**PROBLEM TO SOLVE**
Copy word for word the lines in the records below, starting at the line with "Titel: 585/40 Facit" and ending at the line with "- Suitable size: You'll". Skip the pictures.

**SUPPLIED DATA**
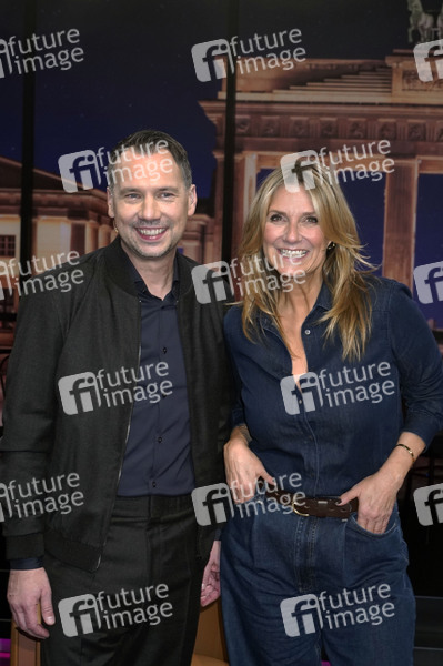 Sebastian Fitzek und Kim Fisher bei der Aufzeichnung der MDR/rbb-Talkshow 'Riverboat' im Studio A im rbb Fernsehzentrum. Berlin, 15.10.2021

==

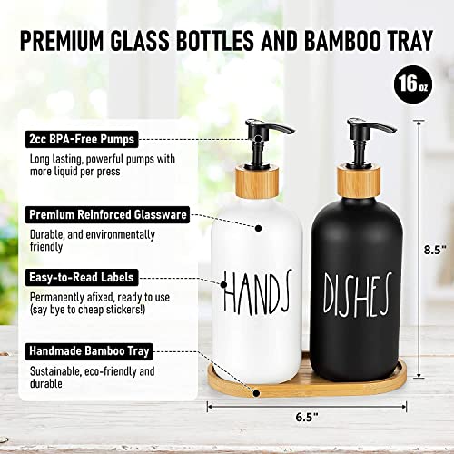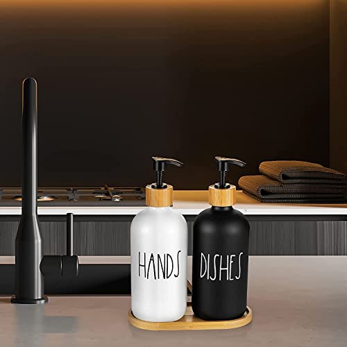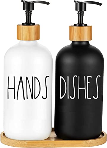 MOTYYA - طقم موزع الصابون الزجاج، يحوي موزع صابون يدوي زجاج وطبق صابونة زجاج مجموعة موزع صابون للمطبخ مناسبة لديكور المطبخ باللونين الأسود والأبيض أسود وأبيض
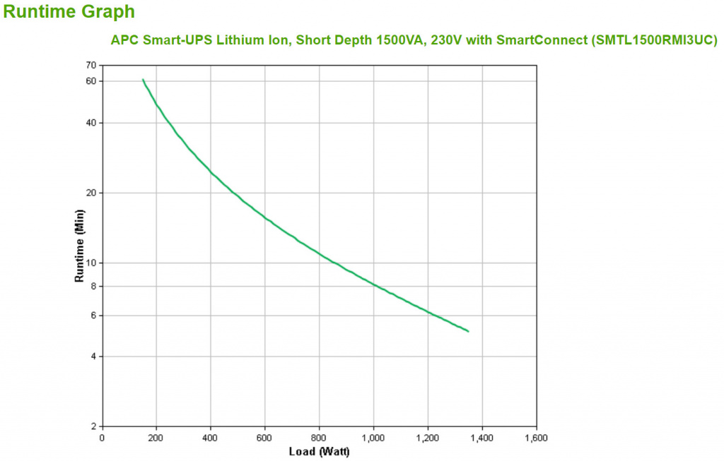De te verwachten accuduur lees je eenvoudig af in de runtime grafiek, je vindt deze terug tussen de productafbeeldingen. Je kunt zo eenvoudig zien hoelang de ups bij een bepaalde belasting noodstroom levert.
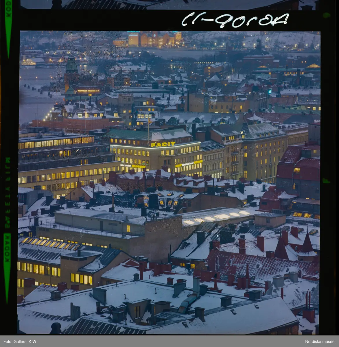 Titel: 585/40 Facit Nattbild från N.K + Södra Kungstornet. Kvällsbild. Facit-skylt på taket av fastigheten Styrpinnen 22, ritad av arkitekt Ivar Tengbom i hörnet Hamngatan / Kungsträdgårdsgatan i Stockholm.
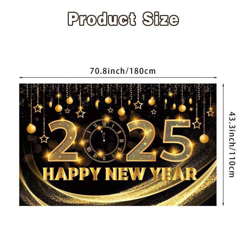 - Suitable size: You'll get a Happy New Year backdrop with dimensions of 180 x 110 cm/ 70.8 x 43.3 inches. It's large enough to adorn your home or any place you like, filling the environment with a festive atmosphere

**RESPONSE**
 Titel: 585/40 Facit Nattbild från N.K + Södra Kungstornet. Kvällsbild. Facit-skylt på taket av fastigheten Styrpinnen 22, ritad av arkitekt Ivar Tengbom i hörnet Hamngatan / Kungsträdgårdsgatan i Stockholm.
 - Suitable size: You'll get a Happy New Year backdrop with dimensions of 180 x 110 cm/ 70.8 x 43.3 inches. It's large enough to adorn your home or any place you like, filling the environment with a festive atmosphere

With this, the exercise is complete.